Dalam perspektif eksperiential, tahap pengenalan kebutuhan timbul dari perbedaan kondisi nyata dengan kondisi ideal yang diharapkan. Kondisi pencarian informasinya lebih focus untuk informasi yang mampu mempengaruhi afeksi. Sedangkan dalam tahap evaluasi informasi, konsumen juga membuat kriteria berdasarkan perasaannya dimana setelah pembelian komparatif kinerja produk pun dilakukan terhadap kesesuaiannya dengan perasaan. Jika produk tidak mampu memenuhi harapan perasaannya maka konsumen mencari kembali produk lain yang cocok. Ini berarti produk kita menjadi penghuni keranjang sampah.
Berbasis perspektif eksperiential dikenal purchase impulse, dan variety seeking. Purchase impulse terjadi sewaktu konsumen mengambil keputusan secara mendadak, konsumen tidak lagi berpikir rasional karena dorongannya begitu kuat, dan akibat dari letupan-letupan emosinya yang kompleks. Lain purchase impulse, variety seeking merupakan pembelian yang dilakukan ketika konsumen membeli secara spontan dan bertujuan untuk mencoba merek baru dari suatu produk.

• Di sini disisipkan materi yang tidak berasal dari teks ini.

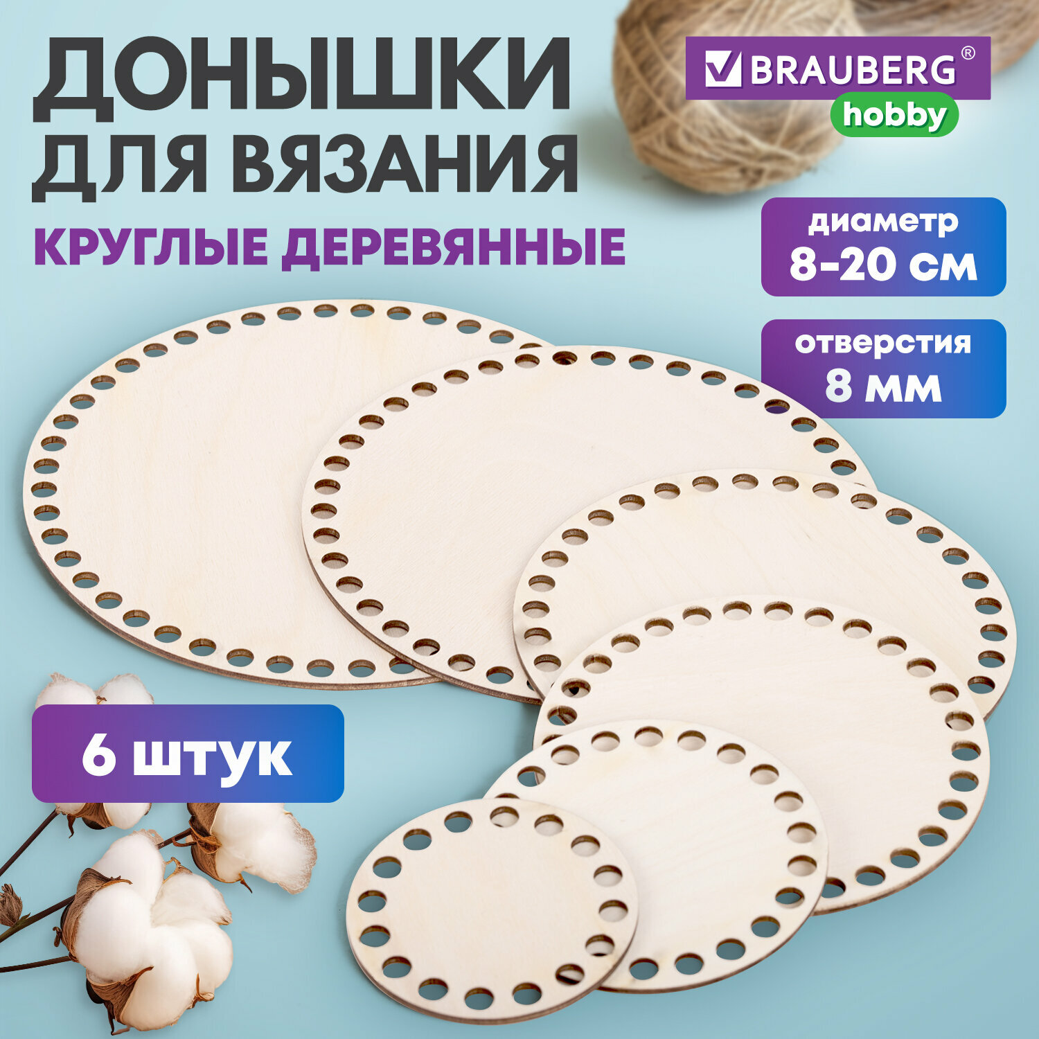СохранитьДонышко для вязания корзин и сумок, донышки деревянные для вязания круглые, 6 штук, диаметр 8-10-13-15-18-20 см, Brauberg Hobby, 665321 интересное:

Memang sedikit redup perbedaannya namun adalah jelas variety seeking tidak didorong oleh ketidak puasan sebelumnya melainkan konsumsi yang bersifat rekreasi. Bukan, bukan produk-produk rekreasi dalam artinya, tetapi seperti seorang ibu rumah tangga yang membeli merek sabun cuci lain sekedar ingin mencoba padahal sama sekali ia tidak kecewa dengan sabun mandi yang telah biasa digunakannya. Seperti juga perselingkuhan antar selebriti di lokasi shooting. Jadi, pendek kata mereka bilang yang penting ennak..HuH.